Михаил Аношкин - Кыштымцы стр 8.

Шрифт
Фон

Она протянула ему хлеб, завернутый в белую тряпицу, с еще не потухшей надеждой спросила:

- Может, завтра, а?

- Да ну тебя! Чего откладывать-то?

Поверх шинели напялил тулуп, который одолжил все тот же Лука, грузно завалился в сани. Глаше стало грустно-грустно, будто опять провожала надолго. Прижала руки к груди, слезы из глаз потекли к подбородку, она их слизнула языком.

- Дуреха, чего ты раскисла? - улыбнулся Иван. - До вечера! Да картошки в мундире поболе навари.

Похороны Горелова

На станцию Тоня и Глаша явились к приходу поезда. На перроне, у здания станции, возле медных труб и барабана, которые лежали на земле, топтались музыканты. За ними грудились красногвардейцы, одетые кто во что горазд - шинели, тужурки, пальто. У каждого за спиной винтовка без штыка, либо бердана-дробовик. Около путей стояло несколько человек, на них-то и обратила внимание Глаша. Молодая девушка в черной шали с печальным лицом поддерживала под локоть старушку, тоже в черной шали. Старушка то и дело подносила к глазам платок.
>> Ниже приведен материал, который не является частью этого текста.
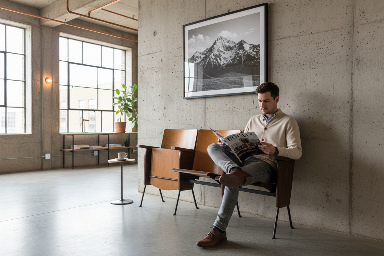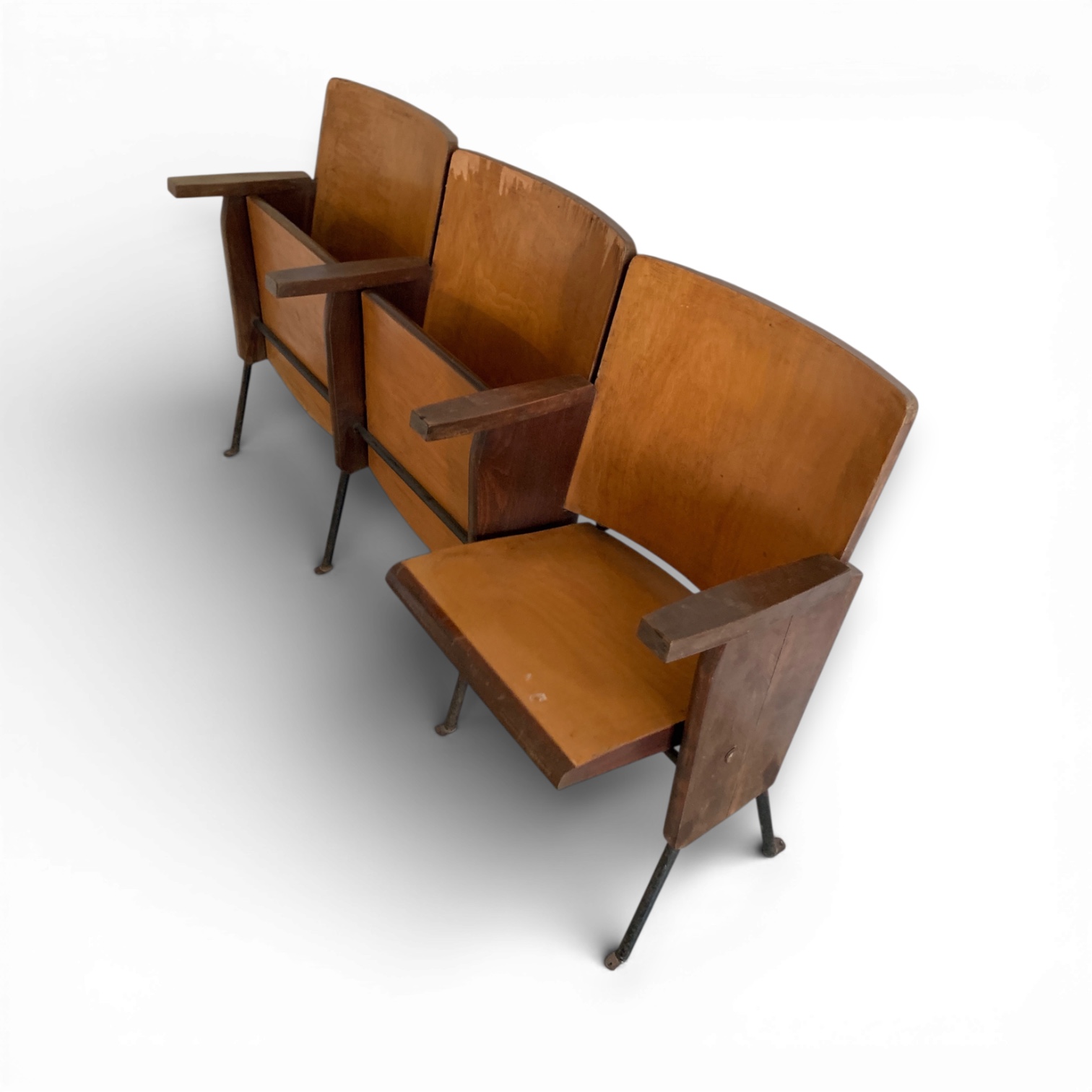 Questa seduta tripla proveniva da una platea di teatro della metà del secolo scorso, dove ogni movimento era dettato da un ingegnoso sistema a molla nascosto sotto la seduta. Il legno curvato, ottenuto tramite vapore, era la risposta industriale dell’epoca alla necessità di grande resistenza in spazi pubblici. I piccoli fori sui piedini rivelano la sua precedente installazione fissa a terra, un dettaglio che racconta silenziose sere d’inizio spettacolo.

- Мать, поди? - спросила Глаша.

- Мать, - подтвердила Тоня. - И дочь. Сестра Горелова.

- А рядом кто, в полушубке-то?

- Баланцов.

- Самый Баланцов и есть? Я думала богатырь, а он невидный такой. А который Швейкин?

- Вишь в черном пальто с каракулевым воротником, в шапке-лодочке?

- Представительный. И на лицо баской. Жена, поди, тоже писаная красавица.

- Холостой.

- Ну уж и холостой? - не поверила Глаша.

- Молодость-то на каторге сгубил. А Горелов женатый был, дочурка у него осталась. А рядом с ним, который горбоносый, приметила? Рядом со Швейкиным-то?

- Приметила.

- Это Дукат.

Глаша покосилась на Тоню - губы у нее пухлые, а подбородок упрямый. И брови вразлет. Все-то она знает. Вроде с детишками возится день-деньской - когда только успевает?

Со стороны Егозы плыли черные тучи, падал снежок. Пробирала зябкая дрожь. От дежурного по станции вышел Сашка Рожков, давнишний знакомый Сериковых. Крестный отец Дашеньки. Серьезный, озабоченный. Вскинул глаза, приметил Глашу.

- А, кума! - сказал он, обрадованный встречей. - Сказывают, Иван вернулся!

- Слава богу!

- Ходите в гости!

Рожков заторопился к красногвардейцам. Пальто подпоясано ремнем, а на ремне револьвер в кобуре. Следом за ним из той же комнаты вышел Михаил Мыларщиков, мимоходом взглянул на жену, не выражая ни малейшего желания подойти, будто она ему чужая. Направился туда, где стоял Швейкин. Тоже при ремне и револьвере. Какие-то они не похожие на себя сегодня, суровые. Наконец выглянул дежурный по станции в фуражке с красным верхом, задрал голову, осматривая тяжелые серые тучи, и нехотя дернул веревку. Колокол испуганно вздрогнул и издал дребезжащий звук, от которого у Глаши засосало под ложечкой.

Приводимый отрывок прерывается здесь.